Publication year - 2018
Publication title -
hepatology
Language(s) - English
Resource type - Journals
SCImago Journal Rank - 5.488
H-Index - 361
eISSN - 1527-3350
pISSN - 0270-9139
DOI - 10.1002/hep.30082
Subject(s) - medicine , virology , chronic hepatitis , hepatitis b virus , virus , acute hepatitis , immunology , gastroenterology , hepatitis
Treatment of chronic hepatitis B (CHB) patients with nucleos(t)ide analogs (NAs) suppresses hepatitis B virus (HBV) DNA synthesis but does not affect synthesis of HBV pregenomic RNA (pgRNA). Hepatitis B virus pgRNA is detectable in the serum during NA treatment and has been proposed as a marker of HBV covalently closed circular DNA activity within the infected hepatocyte. We developed an automated assay for the quantification of serum HBV pgRNA using a dual‐target real‐time quantitative PCR approach on the Abbott m 2000 sp/rt system. We demonstrate accurate detection and quantification of serum HBV RNA. Hepatitis B virus DNA was quantified using the Abbott RealTi m e HBV viral load assay. We further compared serum nucleic acid levels and kinetics in HBV‐positive populations. Samples included on‐therapy CHB samples (n = 16), samples (n = 89) from 10 treatment naïve CHB subjects receiving 12 weeks of NA treatment with 8‐week follow‐up, hepatitis B surface antigen–positive blood donor samples (n = 102), and three seroconversion series from plasmapheresis donors (n = 79 samples).
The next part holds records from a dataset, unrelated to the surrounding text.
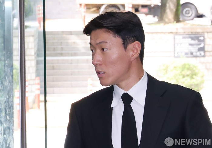 [서울=뉴스핌] 정일구 기자 = 불법 촬영 혐의로 1심에서 징역형의 집행유예를 선고받은 축구선수 황의조가 4일 오후 서울 서초구 서울중앙지방법원에서 열린 항소심 선고 공판에 출석하고 있다. 2025.09.04 mironj19@newspim.com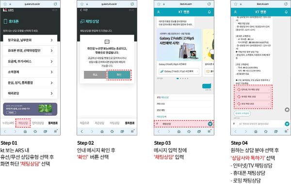 Step 01kt 보는 ARS 내 유선/무선 상담유형 선택 후 화면 하단 '채팅상담' 선택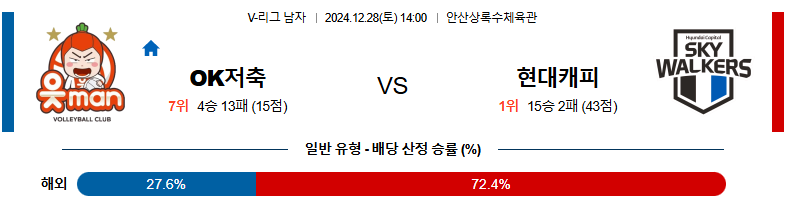 OK저축은행 대 현대캐피탈 V리그 12월28일 맞대결 생중계, 스포츠중계, 스포츠분석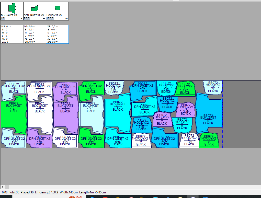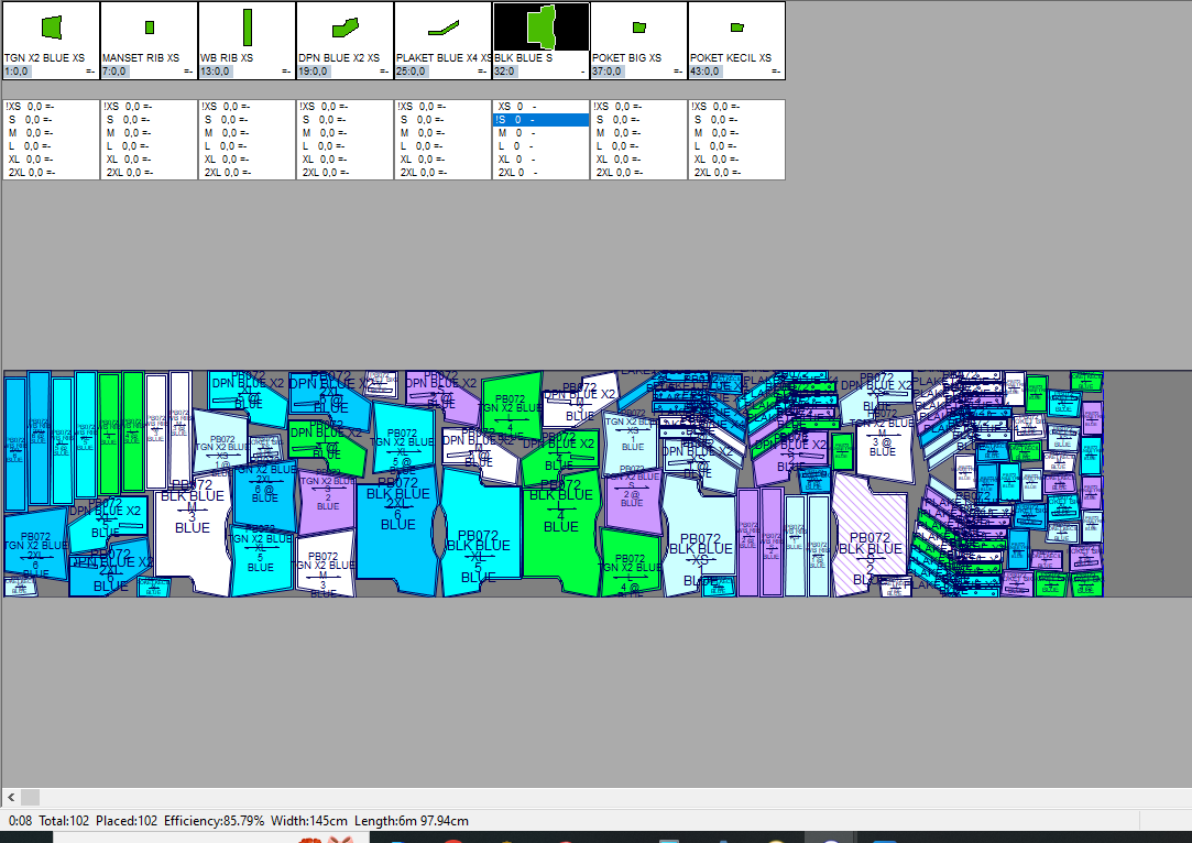 Pada contoh ini marker penggunaan bahan kain yang paling efisien dengan menggunakan 6 gambar pola (ukuran: XS, S, M, L, XL, 2XL) adalah 468cm dengan tingkat efisiensi sebesar 87.96%.

Conclusion : During NA treatment of CHB subjects, we observed low correlation of HBV DNA to pgRNA levels; pgRNA concentration was generally higher than HBV DNA concentrations. In contrast, when NA treatment was absent we observed serum pgRNA at concentrations that correlated to HBV DNA and were approximately 2 log lower than HBV DNA. Importantly, we observe this trend in untreated subject samples from both chronic infections and throughout seroconversion during acute infection. Results demonstrate that the presence of pgRNA in serum is part of the HBV lifecycle; constant relative detection of pgRNA and HBV DNA in the serum is suggestive of a linked mechanism for egress for HBV DNA or pgRNA containing virions.